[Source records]
---------------
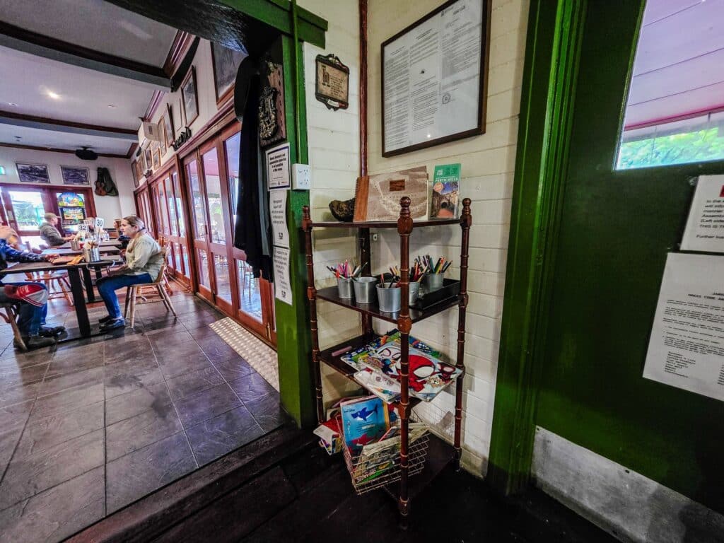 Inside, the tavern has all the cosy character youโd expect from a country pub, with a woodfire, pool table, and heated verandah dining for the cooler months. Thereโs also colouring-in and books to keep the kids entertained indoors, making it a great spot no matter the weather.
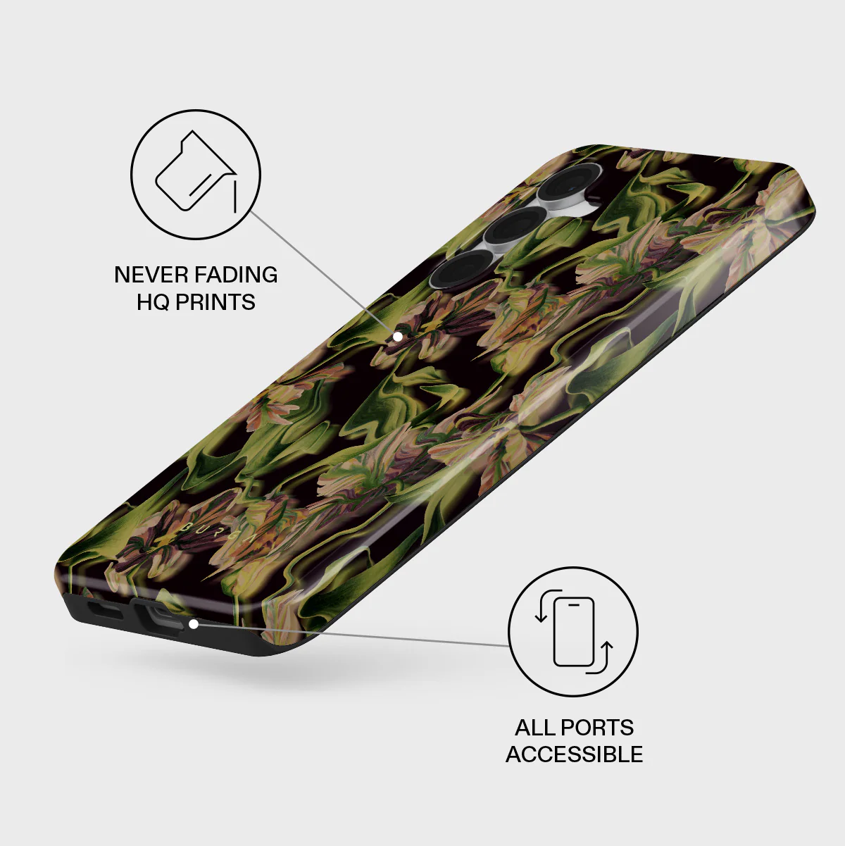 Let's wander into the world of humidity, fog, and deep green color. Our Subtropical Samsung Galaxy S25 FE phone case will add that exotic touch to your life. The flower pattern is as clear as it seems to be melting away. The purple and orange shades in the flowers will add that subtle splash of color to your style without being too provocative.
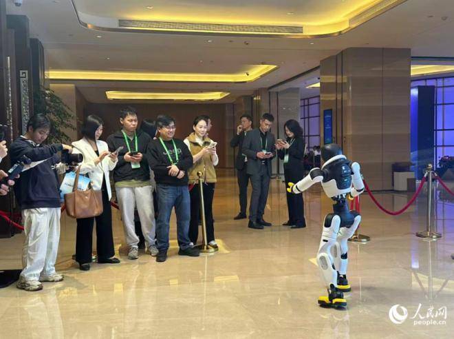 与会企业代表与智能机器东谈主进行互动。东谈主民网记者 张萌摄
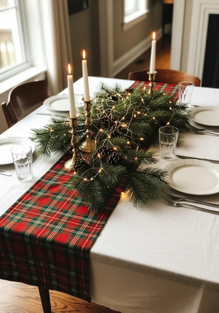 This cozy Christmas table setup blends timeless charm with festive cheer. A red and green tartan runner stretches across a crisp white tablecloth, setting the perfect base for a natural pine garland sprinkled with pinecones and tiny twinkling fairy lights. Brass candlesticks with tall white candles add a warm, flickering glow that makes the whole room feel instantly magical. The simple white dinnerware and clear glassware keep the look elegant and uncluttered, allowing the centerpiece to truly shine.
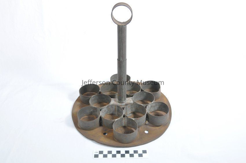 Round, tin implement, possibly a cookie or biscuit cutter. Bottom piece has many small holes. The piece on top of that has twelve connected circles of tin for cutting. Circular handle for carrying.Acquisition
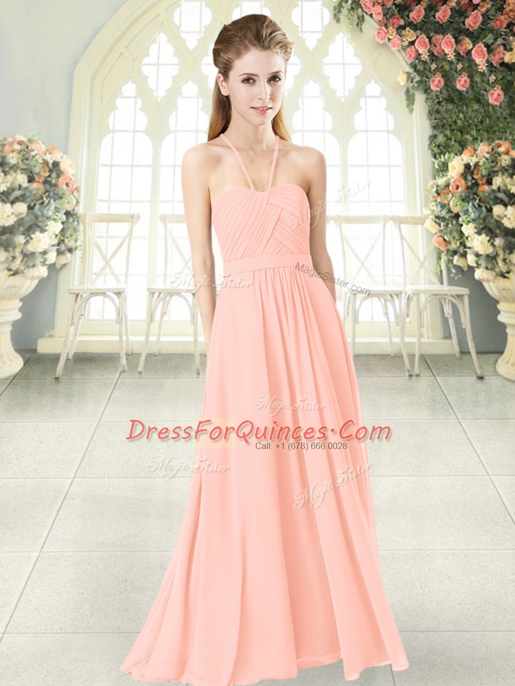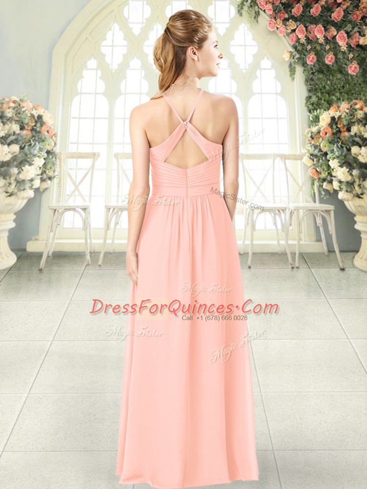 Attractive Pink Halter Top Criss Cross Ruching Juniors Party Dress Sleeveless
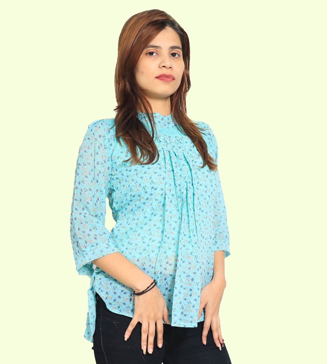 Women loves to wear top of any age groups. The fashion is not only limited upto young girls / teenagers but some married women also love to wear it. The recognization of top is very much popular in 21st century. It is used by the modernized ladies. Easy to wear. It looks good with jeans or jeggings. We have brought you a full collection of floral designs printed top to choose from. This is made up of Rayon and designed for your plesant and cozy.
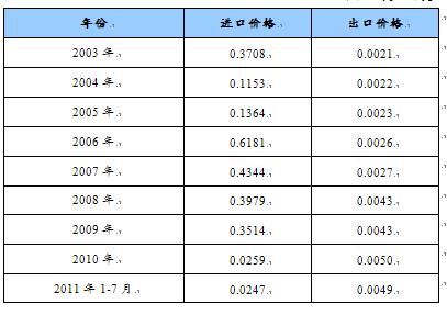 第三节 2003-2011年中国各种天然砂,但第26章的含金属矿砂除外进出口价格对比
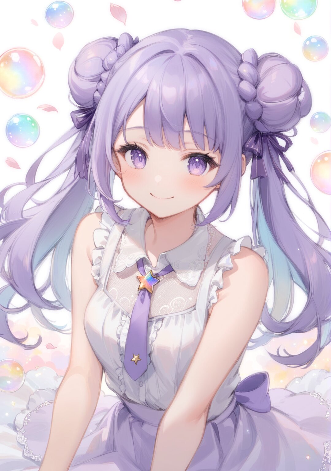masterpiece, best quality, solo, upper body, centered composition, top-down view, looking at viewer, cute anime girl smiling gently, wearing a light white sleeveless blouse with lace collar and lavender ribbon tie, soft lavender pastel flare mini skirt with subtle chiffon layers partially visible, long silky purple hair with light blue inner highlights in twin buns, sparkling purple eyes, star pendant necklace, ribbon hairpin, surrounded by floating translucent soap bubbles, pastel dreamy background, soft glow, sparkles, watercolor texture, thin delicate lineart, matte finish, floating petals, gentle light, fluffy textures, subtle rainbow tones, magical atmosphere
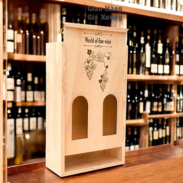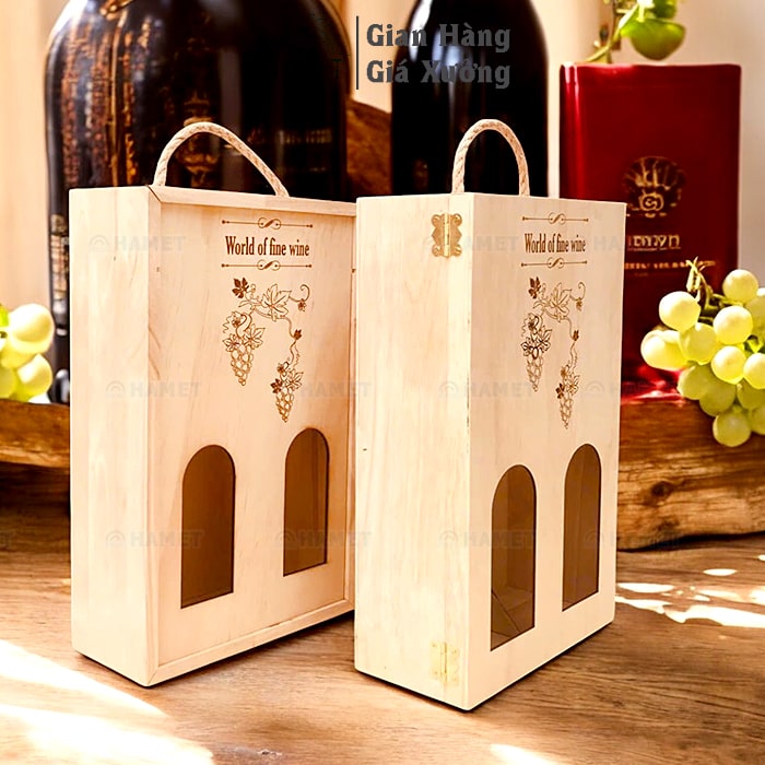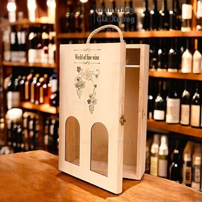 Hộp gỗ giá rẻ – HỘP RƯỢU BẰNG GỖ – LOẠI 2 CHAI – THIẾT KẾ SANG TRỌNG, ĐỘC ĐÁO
---------------
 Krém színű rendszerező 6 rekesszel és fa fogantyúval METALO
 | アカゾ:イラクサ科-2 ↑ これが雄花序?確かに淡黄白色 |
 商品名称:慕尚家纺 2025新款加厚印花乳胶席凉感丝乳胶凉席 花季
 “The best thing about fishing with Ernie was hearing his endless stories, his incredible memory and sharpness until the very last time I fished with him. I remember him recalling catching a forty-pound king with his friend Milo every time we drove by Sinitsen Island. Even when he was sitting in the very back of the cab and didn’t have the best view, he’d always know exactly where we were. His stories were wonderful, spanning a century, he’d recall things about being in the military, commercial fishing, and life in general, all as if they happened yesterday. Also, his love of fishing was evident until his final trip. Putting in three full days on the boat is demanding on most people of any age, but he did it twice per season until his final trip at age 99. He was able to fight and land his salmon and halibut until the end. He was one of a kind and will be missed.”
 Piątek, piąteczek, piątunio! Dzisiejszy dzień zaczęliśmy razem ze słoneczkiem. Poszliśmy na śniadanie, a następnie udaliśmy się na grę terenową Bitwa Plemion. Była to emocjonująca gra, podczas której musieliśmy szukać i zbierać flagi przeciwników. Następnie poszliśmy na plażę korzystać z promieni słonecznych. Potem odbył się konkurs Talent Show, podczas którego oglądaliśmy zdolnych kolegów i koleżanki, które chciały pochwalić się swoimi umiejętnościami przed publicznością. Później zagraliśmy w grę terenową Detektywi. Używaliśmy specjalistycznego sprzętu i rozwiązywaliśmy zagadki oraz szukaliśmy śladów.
---------------
§ AIM OF THE TASK
What you return should be exactly the lines above, starting at the one with "Krém színű rendszerező" and ending at the one with "Piątek, piąteczek, piątunio!", and nothing else.

§ ANSWER TO THIS PROBLEM
 Krém színű rendszerező 6 rekesszel és fa fogantyúval METALO
 | アカゾ:イラクサ科-2 ↑ これが雄花序?確かに淡黄白色 |
 商品名称:慕尚家纺 2025新款加厚印花乳胶席凉感丝乳胶凉席 花季
 “The best thing about fishing with Ernie was hearing his endless stories, his incredible memory and sharpness until the very last time I fished with him. I remember him recalling catching a forty-pound king with his friend Milo every time we drove by Sinitsen Island. Even when he was sitting in the very back of the cab and didn’t have the best view, he’d always know exactly where we were. His stories were wonderful, spanning a century, he’d recall things about being in the military, commercial fishing, and life in general, all as if they happened yesterday. Also, his love of fishing was evident until his final trip. Putting in three full days on the boat is demanding on most people of any age, but he did it twice per season until his final trip at age 99. He was able to fight and land his salmon and halibut until the end. He was one of a kind and will be missed.”
 Piątek, piąteczek, piątunio! Dzisiejszy dzień zaczęliśmy razem ze słoneczkiem. Poszliśmy na śniadanie, a następnie udaliśmy się na grę terenową Bitwa Plemion. Była to emocjonująca gra, podczas której musieliśmy szukać i zbierać flagi przeciwników. Następnie poszliśmy na plażę korzystać z promieni słonecznych. Potem odbył się konkurs Talent Show, podczas którego oglądaliśmy zdolnych kolegów i koleżanki, które chciały pochwalić się swoimi umiejętnościami przed publicznością. Później zagraliśmy w grę terenową Detektywi. Używaliśmy specjalistycznego sprzętu i rozwiązywaliśmy zagadki oraz szukaliśmy śladów.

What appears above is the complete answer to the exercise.